From Figure 3, the minimum and maximum frequencies considered in this investigation are 40 and 60 Hz and their minimum and maximum operating rates at these frequencies are 3700 and 6000 bbl/d, and 5000 and 8800 bbl/d respectively. The operating points for each frequency (the point of intersection of the performance plots) are 4900 bbl/d for 40 Hz and 8000 bbl/d. Hence, the higher the frequency, the more fluid is produced from the wellbore across the production string and the lower the frequency, the lower the production rate. Typical production and operating conditions after the installation of ESP in Enuma 3T between 22 June 2003 and 06 December 2003 at a frequency of approximately 52 Hz is shown in Table 5. Table 5 shows that on the average, about 8000 bbl/d of net oil was produced along with about 0.800 MMscfd of gas with trace amounts of water production per day (BS&W is below 35%); a remarkable improvement from zero production due to overdue shutdown. Subsequent annual net production history for ten years after installation is shown in Table 6.

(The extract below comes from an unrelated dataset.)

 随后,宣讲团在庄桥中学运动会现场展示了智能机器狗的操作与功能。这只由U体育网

Economic Evaluation of Enuma 3T Well ESP Installation
Enuma 3T was completed in May 2003. The installation of ESP at Enuma 3T took about 165 Rig days to complete. The rig cost per day circa $70,000 while the cost of the full assembly of the ESP was $1,000,000. Other miscellaneous cost was about $350,000 while the approximate cost of operation for 5 years is $5,000,000. Hence, the total cost for the period of 5 yrs of operation is about $17,900,000.

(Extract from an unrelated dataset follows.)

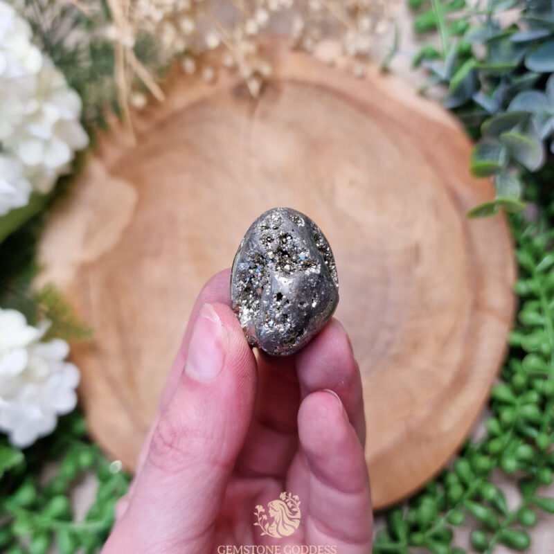 - Pyriet is een beschermende en activerende steen die je helpt om je energieveld af te schermen tegen negatieve invloeden, terwijl ze tegelijkertijd je persoonlijke kracht versterkt. Ze werkt op het zonnevlechtchakra en helpt je om je doelen met daadkracht en helderheid na te streven. Pyriet activeert het innerlijke vuur, maakt je bewust van je waarde en ondersteunt je bij het manifesteren vanuit innerlijke zekerheid. Ze is ook een uitstekende steen voor rituelen rondom overvloed, succes en zelfbevrijding.

Enuma 3T produced 8,000 bopd for the first one year without interruptions. The average cost of crude oil as at installation was assumed to be $28/bbl. The field produced traces of water while the average rate of gas production was 0.8 MMMscfd for the first year. Hence, income for the first 6 months of production was about $40,992,000. This result is consistent with similar investigations where the use of gas lift and electric submersible pump was compared in the production of heavy oil in Niger Delta; and the economic advantage of ESP surpassed that of gas lift significantly [14].
Conclusions
Production of heavy oil generally poses a greater challenge compared to conventional oil. However, using a reliable candidate selection criteria, conventional heavy oils can be effectively and efficiently produced with minimal risks. The installation of the right ESP in Enuma 3T as demonstrated in this paper that ESPs has the potential of reducing the residual oil saturations in heavy oil reservoirs. More importantly, compared to other heavy oil recovery methods, ESP is less energy intensive in application to produce heavy oil and environmentally friendly to be considered as one of the best alternatives in producing conventional heavy oil reservoirs globally.